Dahi Iria berkerut. Tanda ketidaksukaan yang ketara. Perempuan itu menghirup napas dalam, lalu mengeluarkannya untuk menenangkan diri. “Kau ingin melihatnya?”
Mike mengangguk.
“Tapi setelah itu berjanjilah padaku untuk tidak mendekatiku.”
“Ya, aku janji.”
Gadis itu mengangkat tangannya di depan dada. Mengumpulkan fokus sebelum akhirnya berkata, “Keluar lah, Kon.”
Semacam debu berwarna hitam pekat berkumpul, membentuk pusaran hingga menjadi satu bola kecil. Kemudian Iria menggenggamnya. Cahaya berwarna hitam pekat tampak keluar, dan dengan santai gadis itu mengarahkannya ke celah ventilasi kecil yang ada.
Semacam ledakkan besar tercipta dan itu cukup membuat Mike terkejut.
“Kau … itu tadi apa?”
Iria hanya melirik.
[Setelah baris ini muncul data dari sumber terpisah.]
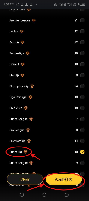 5. Select The Country/Region League or Cup Match You Want To Place Bet On And Click On Apply.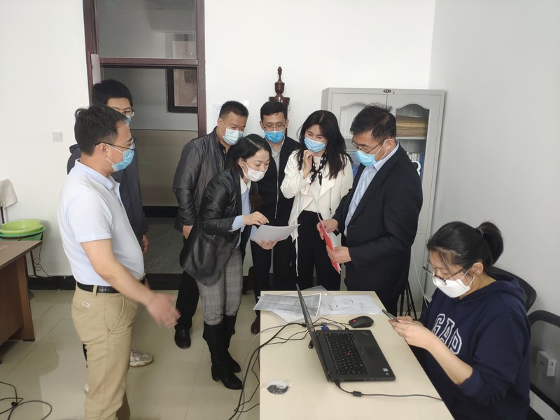 学院党委书记胡刃锋、副院长吕红对学院复试工作的准备情况作了简要汇报,明耀校长逐一查看了学院的五个研究生复试室、隔离室,观看了复试组成员与学生一对一的全测试过程,并对此次线上复试中可能存在的一些问题给予了指导。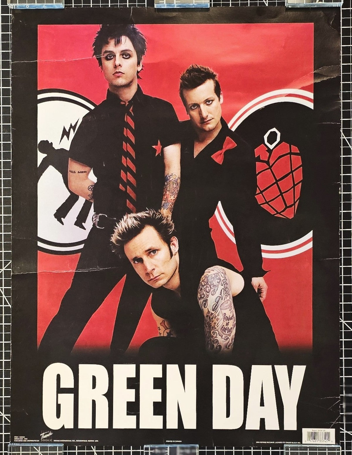 American Idiot marked a major turning point for the band, functioning as a full length concept album that directly addressed themes of political disillusionment, media saturation, and generational unrest in post 9 11 America. The album’s visual language became instantly recognizable and closely tied to Green Day’s public image during this period, extending across album art, stage design, and promotional materials like this poster.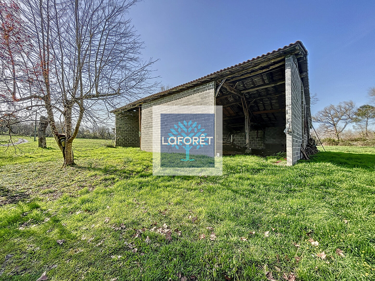 À cela s'ajoutent un hangar d'environ 200 m² et un bâtiment agricole de 160 m² à réhabiliter, le tout sur un terrain d'environ 10 hectares composé de bois et de prairies.

Dia menatap ke arah pintu keluar lalu mendengarkan dengan seksama. “Mereka datang,” ucap gadis itu.
“Mereka siapa?”
“Tentu saja para petugas sipir. Keributan yang baru aku ciptakan jelas menarik perhatian.”
Dan benar saja. tak lama kemudian, pintu terbanting hingga terbuka, dan lima orang menghambur masuk ke dalam ruangan. Senjata ditodongkan ke dada Iria dan Mike,
Mike berdiri sementara teman satu selnya membatu.
“Ada apa ini? Apa yang terjadi.”
“Kode A. Tahanan baru saja memberontak dan mencoba untuk kabur,” ucap salah satu petugas.
“Tidak, ini tak seperti yang kalian pikirkan,” Mike membelas.
Salah satu dari tentara itu mengeluarkan semacam remot kecil, menekan satu tombol dan sebuah listrik keju langsung menyengat tubuh Iria, membuat gadis itu kejang dan sebelum akhirnya terjatuh di lantai.
Bau gosong tercium. Mike yang juga ada di tempat yang sama membelalak mata menyaksikan apa yang terjadi. “Hey, apa yang kalian lakukan? Kalian bisa membunuhnya.”
“ANGKAT TANGANMU, BUKA KAKI, DAN JANGAN BERBICARA SAMPAI ADA PERINTAH. KALAU KAU MELANGGAR KAMI AKAN MENEMBAKMU,” perintah mereka.